En el caso del Hércules CF ya “casi” no le queda ni eso. Y entrecomillo el casi, porque mientras exista Unidad Herculana, el corazón de la afición de esta entidad no va a dejar de latir. Pero el paciente se muere, y esto se cambia o cambiando el tratamiento, o cambiando a los doctores.

A los actuales dirigentes del club ya se les ha acabado el crédito. Han sido veinte años de despropósitos, uno detrás de otro, que ha llevado a un equipo con una deuda gigantesca, y a la pérdida de todo su patrimonio: estadio y afición. Algún día tendrán que explicar por qué en sus negocios privados que tanto éxito cosechan ponen a gente competente, y en nuestro club (ojo! Que no se equivoquen, pertenece a la ciudad) ponen a familiares, amigos y conocidos.

De estos últimos veinte años, el Hércules sólo ha jugado una temporada en primera división.

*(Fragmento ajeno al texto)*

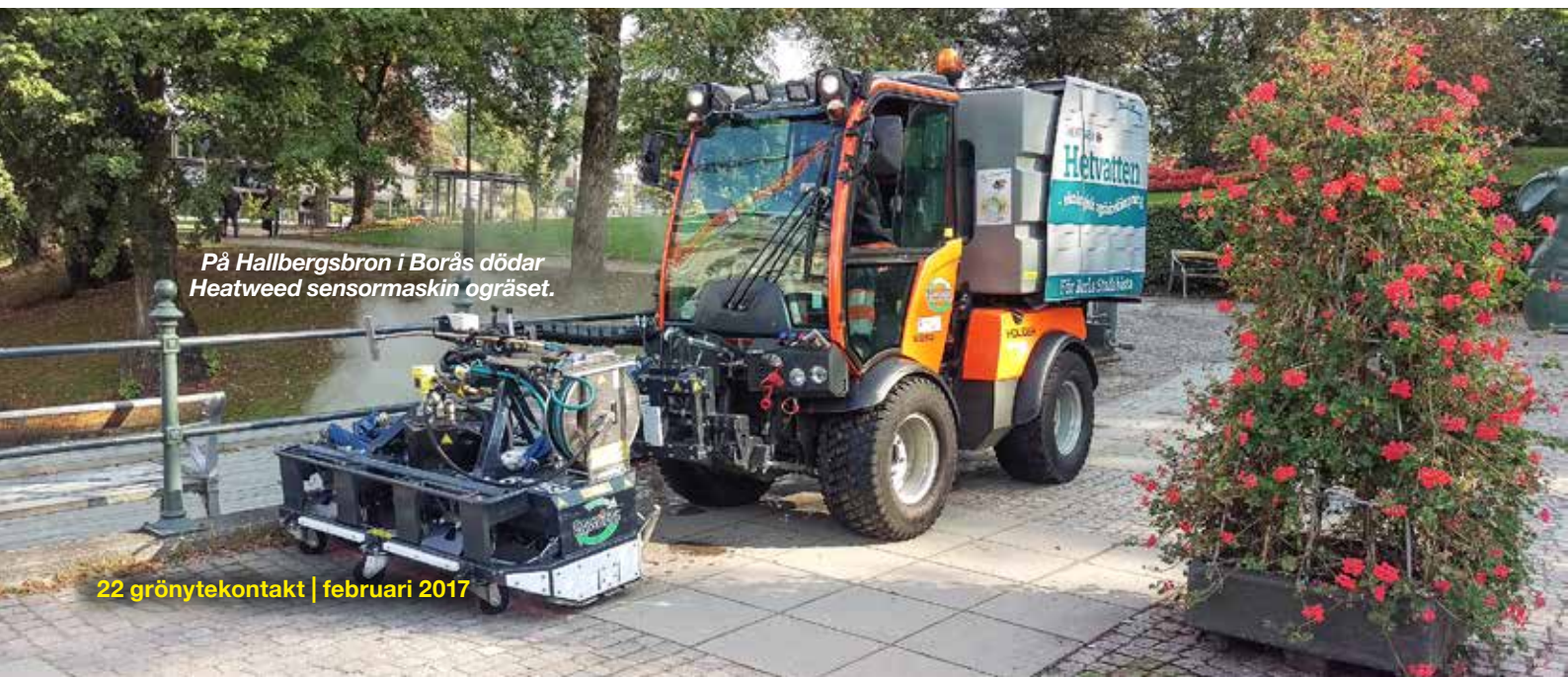
På Hallbergsbron i Borås dödar Heatweed sensormaskin ogräset.
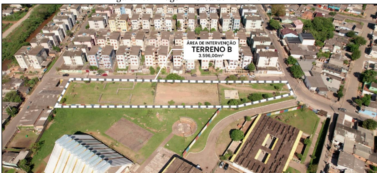
Figura 10. Imagem Aérea do Terreno B.
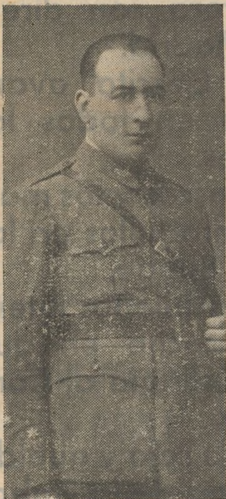
El heroico Capitán Carrero ¡Presente!
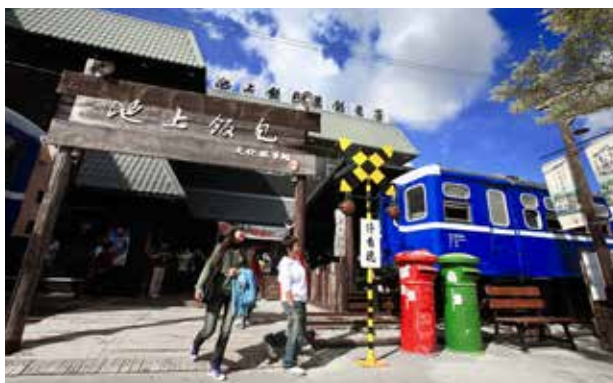
遠近馳名的池上飯包

當您騎著腳踏車徜徉在園區，那觸目的翠綠與質樸，映襯著藍天白雲，躺在草原上，爬上牧草捲，留下的不只是香草氣息，更是未來的甜美回憶！臺灣很美，臺東更是，您有多久沒有遠離塵囂讓自己及家人好好的沈澱一下？您有多久沒有聞到空氣中帶著清新甜味？建議大家來池上牧野渡假村住一晚，相信一定可以滿足想放鬆的您，與家人盡情在牧草區奔跑及放空，享受與大自然共生的存在感，現在就開始與朋友家人一同規劃，讓久處空污的都市人享受兩天一日的清「肺」之旅！🍃

Llenando noticieros, con noticias deportivas, y extradeportivas vergonzantes. Que más que un orgullo, fue una deshonra. Como cuando jugadores campeones del mundo y de Europa como David Trezeguet, se tenían que duchar con agua fría, o tenían que ir a jugar un partido a Riazor en autobús.

De todo este despropósito, y fechorías, lo más grave es que “han tirado a la gente del estadio”. El aclamado director Juan José Campanella, así lo reflejó en su galardonada película “El Secreto de sus Ojos”. “Se puede cambiar de todo; de cara, de casa, de familia, de novia, de religión, de Dios, pero hay una cosa que no puede cambiar, no puede cambiar de pasión”. Y es que, existe hoy en día una generación de alicantinos que sólo ha conocido un Hércules miserable, mediocre, y lleno de carcoma hasta el tuétano.

Otra gestión es posible. Y así quedó acreditado cuando Perfecto Palacio, junto con Sergio Fernández, tomaron el mando en aquella temporada tras bajar de la Primera División. Una gestión por profesionales y de profesionales. Nada de amiguismos, ni de amistades peligrosas. Gente que ame al club, que lo sienta, y sobre todo, que sepa.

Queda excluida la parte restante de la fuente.